Segment Start: Source data

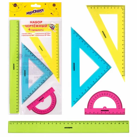 В набор входят:- линейка со шкалой 30 см;- треугольник с углом 30° и шкалой 18 см;- треугольник с углом 45° и шкалой 13 см;- транс...
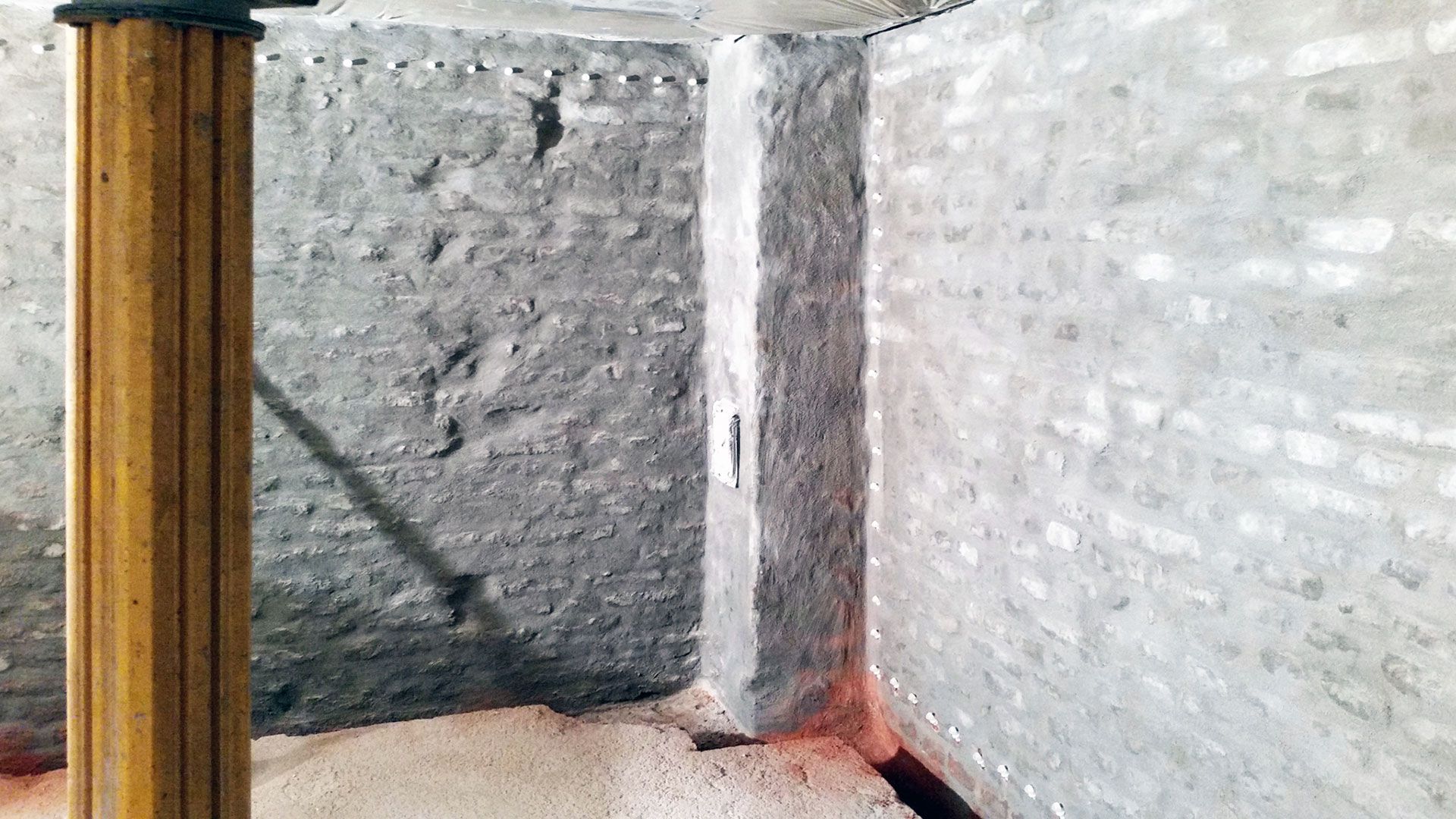 Instandsetzung von drei innenliegenden Garagen und dem darunterliegenden Kellerraum an einem dreigeschossigen innerstädtischen Wohnhaus. Erstellen einer Innenabdichtung an den Kellerumfassungswänden in Verbindung mit Vertikal- und Horizontalsperren im Ziegelmauerwerk. Ausführung 2016.
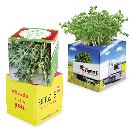 Das Geheimnis des Fliegengewichts ist der inliegende, wasserdichte Pappbecher. Darin befindet sich eine Substrattablette als Erde und der Samen des Eierbaums (weitere Samensorten siehe Hauptkatalog). Viel Platz für die Werbebotschaft bieten die fünf Seiten des umliegenden Kartonwürfels, der komplett individuell gestaltbar ist. Auf der Unterseite ist die Pflanzanleitung.

Segment End: Source data

• **What is expected**: Nothing but the pictures should be left out when the material above is copied.

• **Response area**:
 В набор входят:- линейка со шкалой 30 см;- треугольник с углом 30° и шкалой 18 см;- треугольник с углом 45° и шкалой 13 см;- транс...
 Instandsetzung von drei innenliegenden Garagen und dem darunterliegenden Kellerraum an einem dreigeschossigen innerstädtischen Wohnhaus. Erstellen einer Innenabdichtung an den Kellerumfassungswänden in Verbindung mit Vertikal- und Horizontalsperren im Ziegelmauerwerk. Ausführung 2016.
 Das Geheimnis des Fliegengewichts ist der inliegende, wasserdichte Pappbecher. Darin befindet sich eine Substrattablette als Erde und der Samen des Eierbaums (weitere Samensorten siehe Hauptkatalog). Viel Platz für die Werbebotschaft bieten die fünf Seiten des umliegenden Kartonwürfels, der komplett individuell gestaltbar ist. Auf der Unterseite ist die Pflanzanleitung.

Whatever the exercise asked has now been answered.